Two-Way Fixed Effects and Difference-in-Differences

How would you vote if your vote weren’t secret?

So this actually happened in Spain1: in 2019, voting the European Parliamentary Elections in the municipality of Ciutadella de Menorca was conducted in public (they ran out of private voting booths).

Spain has a stigmatized right-wing political party, the Partido Popolar (PP).

Did the public voting procedure reduce PP support?

To answer this question, we can potentially make two comparisons:

  1. Compare PP vote share in the municipality of Ciutadella de Menorca to PP vote share in other municipalities (also in the same region) where private voting booths were in use.

  2. Compare PP vote share in the municipality of Ciutadella de Menorca in 2019 to PP vote share in the same voting stations in 2014 (when private voting stations were used).

Discuss:

Which comparison do you prefer?

What might you still be worried about with your preferred comparison?


Differences-in-Differences (DiD)

As it turns out, we should do both comparisons simultaenously.

Comparing Ciutadella to non-Ciutadella in 2019 is perhaps the most straightforward, but introduces a lot of potential confounds — for example, for reasons completely unrelated to the availability of private voting booths, maybe the PP just less stigmatized in Ciutadella vs other municipalities (even in the same region).

It’s not guaranteed that we can control for all possible confounders, which leads to bias.

Comparing Ciutadella in 2019 vs 2014 also makes sense. However, maybe the change in PP vote share is due to the absence of private voting booths, but maybe it’s also due to other inter-temporal factors – for example, maybe the PP had a corruption scandal in 2018 that lowered its popularity across the board?

However, suppose we compare non-Ciutadella municipalities between 2014 and 2019. This allows us to estimate the effect of the corruption scandal (since it presumably affected all regions).

We then subtract off this temporal change from the over-time difference in Ciutadella to isolate the effect of public voting.

That’s difference-in-differences (DiD)!


Data Generating Process

To solidify our understanding, let’s simulate some data:

Suppose the PP vote share in 2014 from voting stations located outside Ciutadella is given:

\[ Y_{rest, 2014} = \mathcal{N}(15,2) \] Further, suppose that the effect of the corruption scandal is to lower PP vote share by 3 percentage points on average:

\[ \Delta_{corrupt} \sim \mathcal{N}(-3, 0.5) \] We can therefore write the 2019 outcomes in the non-Ciutadella regions of Spain as:

\[ Y_{rest, 2019} = Y_{rest, 2014} - \Delta_{corrupt} \]
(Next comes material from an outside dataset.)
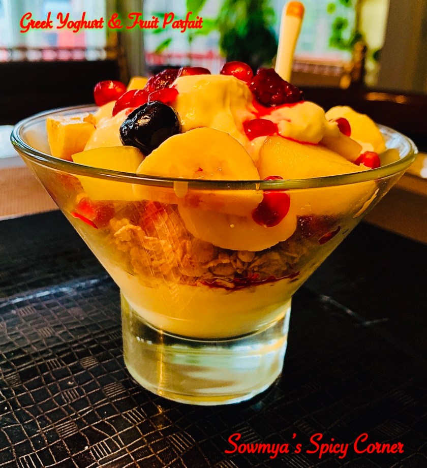 Greek yoghurt & fruit parfait is a healthy and delicious breakfast to start your day. Parfait is a French-style dessert made by layering whipped creme, ice-cream and fruits. Nowadays in restaurants and cafe, it is served as healthy breakfast by substituting the creme by plain yoghurt or greek style yoghurt. It is easily prepared in minutes by layering the greek yoghurt, fruits and granola in layers in a clear transparent glass cup. The addition of smooth and creamy yoghurt, crunchy granola and the fresh fruits impart different textures, refreshing flavours and taste.

Now suppose that the PP vote share in 2014 from voting stations located inside Ciutadella is given:

\[ Y_{ciu, 2014} = \mathcal{N}(12,2) \]

Next, imagine the effect of public voting lowers PP vote share by 2 percentage points on average:

\[ \Delta_{public} \sim \mathcal{N}(-2, 0.2) \]

So we can write the outcome for Ciutadella in 2019 as:

\[ Y_{ciu, 2019} = Y_{ciu, 2014} - \Delta_{public} - \Delta_{corrupt} \]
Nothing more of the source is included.